I think that books and other sources on Tibetan Medicine could give you a fair insight on the issue of the five elements and their relation to one another, since traditional Tibetan health care is fully based on this concept. However, that system distinguishes water, earth, air, fire, and space instead of metal.

 

I also like the western alchemy approach, it seems logical (although I don't know what its good for):

water - liquid

earth - solid

fire - plasma

air - gas

quintessence - the element of thought, or idea, which is not like any other.

 

"Metal is just a form of earth" -- very good, but it's a distinctly next phase, much like "fire is just a form of wood" and "wood is just a form of water."

 

The translator of the "elements" you quote did what western thinking causes many to do -- to wit, to stop the processes of change (flow down, expand, rise up, rotate, condense) to come up with "elements" (liquid, solid, plasma, gas, "element of thought"). Once this stopwatch approach is superimposed on a system describing processes, you've killed it (the generic you, of course, not you specifically :) ), you can call anything any name and it still won't pulsate with life. They are not "elements" at all any of them, even though "elements" which you can observe in everyday life are manifestations of each phase -- a small part of each qi phase's spectrum is visible as a corresponding "element," but it's just one frame of each phase's infinite movie!
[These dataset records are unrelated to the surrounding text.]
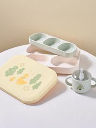 맘마존 올인원 실리콘 이유식 흡착식판+완전밀폐 빨대컵 세트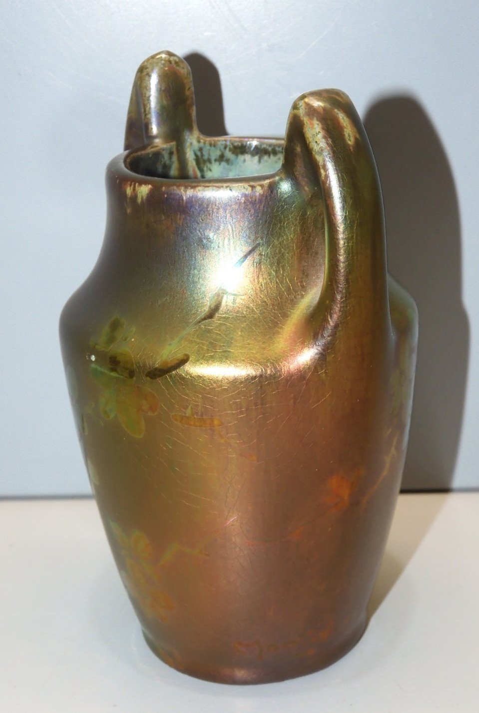 Beautiful little vase signed Montières with an iridescent color that changes depending on its exposure - with small flowers (photos) in excellent used condition, found in an attic - Ref. 1V250703/5 Height 12.2 cm Length 8.1 cm Top Diameter 4.9 cm Bottom Diameter 4.8 cm - Weight 266 g To contact me, my email address: SHIPPING POSSIBLE VIA MONDIAL RELAY or COLISSIMO upon request VERY GOOD PACKAGING GUARANTEED THANK YOU for CAREFULLY VIEWING ALL the PHOTOS as THEY ARE AN INTEGRAL PART of the DESCRIPTION and ALLOW YOU TO SEE the ITEM AT ITS BEST with ITS SMALL POSSIBLE DEFECTS -
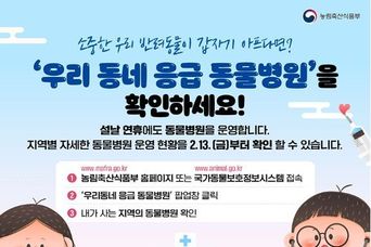 뉴스포원(NEWSFOR1) 편집국 기자 | 소중한 우리 반려동물이 갑자기 아프다면? '우리 동네 응급 동물병원'을 확인하세요! 설날 연휴에도 동물병원을 운영합니다. 지역별 자세한 동물병원 운영 현황을 2.13.(금)부터 확인할 수 있습니다. ① 농림축산식품부 홈페이지 또는 국가동물보호정보시스템 접속 ② '우리동네 응급 동물병원' 팝업창 클릭 ③ 내가 사는 지역의 동물병원 확인 ■ 유실·유기동물 온라인 신고·접수방법 · 유실 유기동물을 발견한 경우 국가동물보호 정보시스템 '동물발견' 배너 클릭 → 발견장소, 사진, 개체 특징 등 제보등록 → 해당 지자체 보호 센터 정보제공 → 지자체 동물보호센터 신속대응 · 반려동물을 분실한 경우 국가동물보호 정보시스템 '동물분실' 배너 클릭 → 반려동물 분실장소, 일시, 사진 등 정보등록 → 시민 간 발견 정보 공유(댓글 창 활성화) → 필요시 분실신고 병행(동물등록 정보 변경) 반려동물과 반려인이 모두 안심할 수 있도록 연휴 기간에도 응급 동물병원이 여러분과 함께 합니다.

You have to phase in time to see that metal the process, not metal the "element," describes both air (via "what it does" rather than some "what it is" or other -- and what it does is, e.g., oxidate -- this is what it manifests when you breathe... your blood is capable of carrying oxygen because your every iron molecule in each and every one of your hemoglobin cells grabs a molecule of oxygen as you inhale -- and this iron-oxygen part of the metal process is your "air phase," your breath, a bit simplified... and a lot -- every bit -- part of the metal phase!) as well as a knife, again a metal process whereby you can execute its "destructive" phase vis a vis wood (plants are the wood phase and animals and humans are a form of the wood phase, a modification of plants enabling the rapid-yang part of the wood phase) as well as mercury (an aspect of the moon process, the alchemical yin) as well as gold (an aspect of the sun process, the alchemical yang) as well as the lungs (whose ability to compress-decompress is a manifestation of the innate properties of the metal phase, air being the "decompress" part of the phase --

phases pulsate...)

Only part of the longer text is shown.